We believe, moreover, there may be some merit in defendant’s contention that the Act of 1917 violates the equal protection clause of the Fourteenth Amendment to the Federal Constitution and the uniformity clause of art. IX, sec. 1, of the Pennsylvania Constitution. Section 1 of the Fourteenth Amendment to the United States Constitution provides in part that no State shall “deny to any person within its jurisdiction the equal protection of the laws”.
It has been held by the Supreme Court of Pennsylvania that these two provisions should be construed in pari materia insofar as matters of taxation are concerned. See Commonwealth v. Budd Company, 379 Pa. 159, 167 (1954).
Defendant asserts that the Act of 1917 violates both of these constitutional provisions requiring equality and uniformity of taxation and this discrimination and lack of equality arise from the fact that persons and insurance companies, such as defendant, are unlawfully penalized for their dealings with unauthorized insurance companies. As stated above, domestic and foreign insurance companies authorized to do business in this Commonwealth pay no tax on gross premiums received for reinsurance.
Defendant argues there is no substantial basis to justify the alleged discriminatory tax imposed by the Act of 1917 on persons and companies dealing with unauthorized insurance companies, that reinsurance of risks “with any stock or mutual insurance company, . . . authorized to transact business in this Commonwealth or authorized to transact business in *550any of the United States” is specifically authorized by section 319(6) of the Act of May 17, 1921, P. L. 682, 40 PS §442, and that the legislature of Pennsylvania thereby recognized that there is no difference in reinsuring risks with a domestic or authorized foreign insurance company, as opposed to an unauthorized insurance company. It is therefore urged by defendant company that the Act of 1917, as applied to domestic insurance companies dealing with unauthorized foreign insurance companies, must be declared invalid as discriminating against such companies and it avers in support of this position that the classification between domestic companies reinsuring risks with other domestic insurance companies and authorized foreign insurance companies on the one hand and unauthorized insurance companies on the other hand is arbitrary and unreasonable, since such classification furthers no legitimate object of taxation or public policy of the Commonwealth of Pennsylvania and is not based on any real difference between the insurance companies making contracts of reinsurance.

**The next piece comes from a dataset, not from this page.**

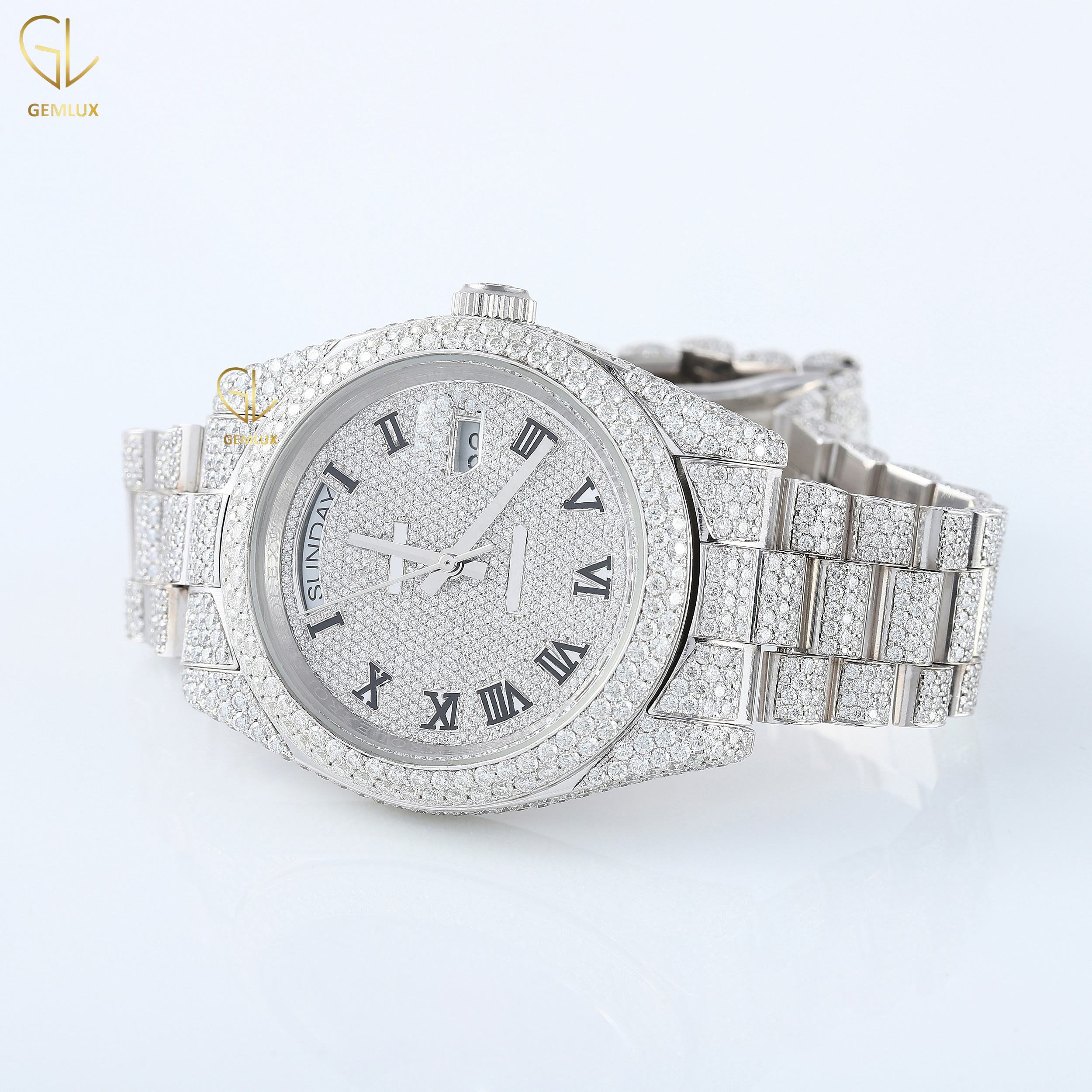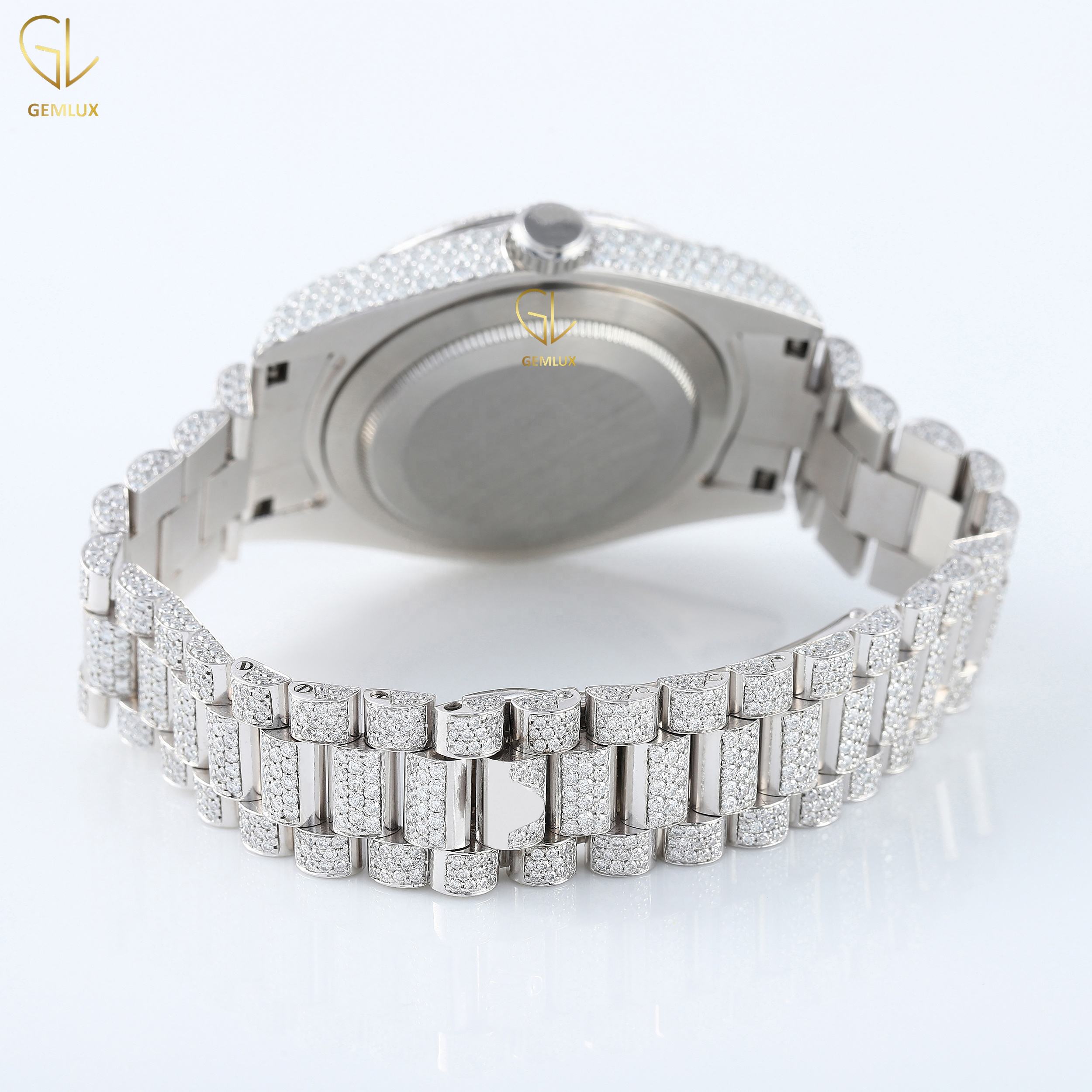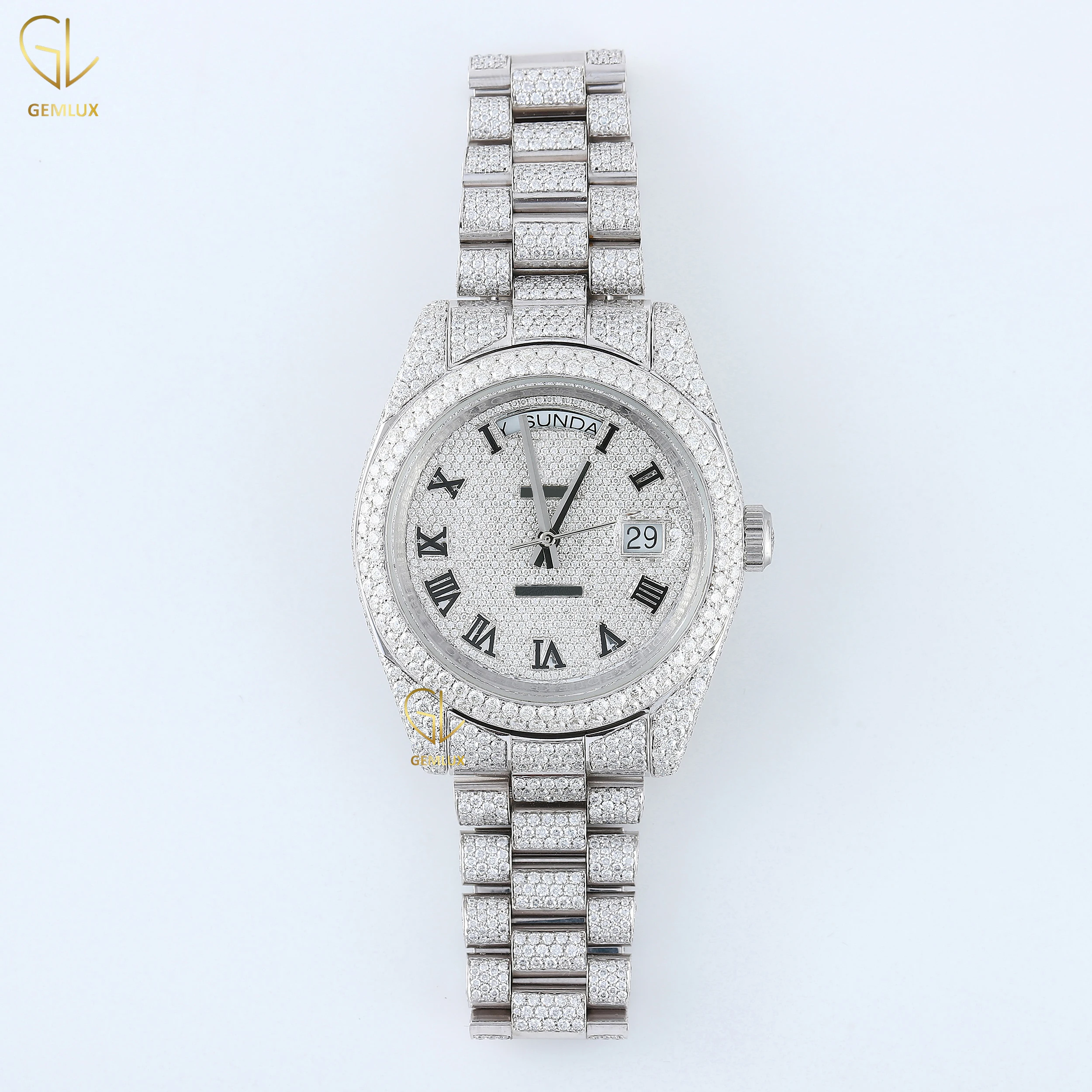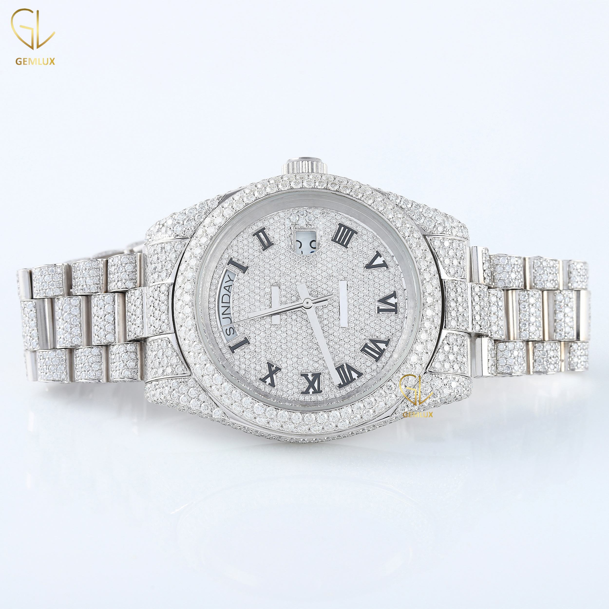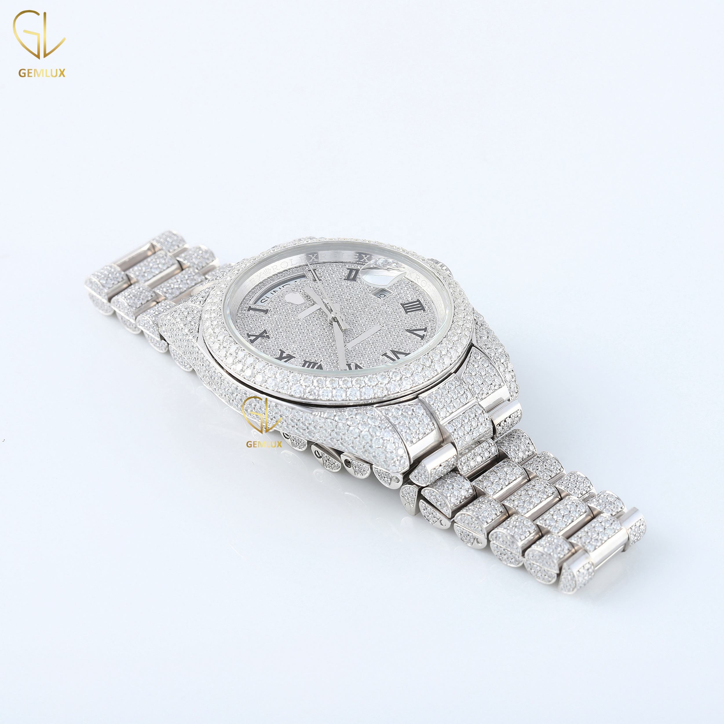 New Trendy charm fully iced out D vvs round brilliant cut crystal romal dial Just Date real Moissanite diamond jewelry watch

We have cited the principal contentions of the parties to outline the various aspects of this case. We rest our decision, however, on the ground that under the terms of the Act of 1917 and the subsequent legislation affecting the same, there is no valid basis at the present time upon which the tax claimed by the Commonwealth in the instant case can be sustained. Consequently there is no tax due.
And now, December 30, 1957, it is hereby adjudged and decreed that the Millers Mutual Fire Insurance Company, defendant, is not liable for the payment of the tax claimed in this case and the Department of Revenue and the Department of the Auditor General of Pennsylvania are directed to resettle defendant’s account in accordance with this decree.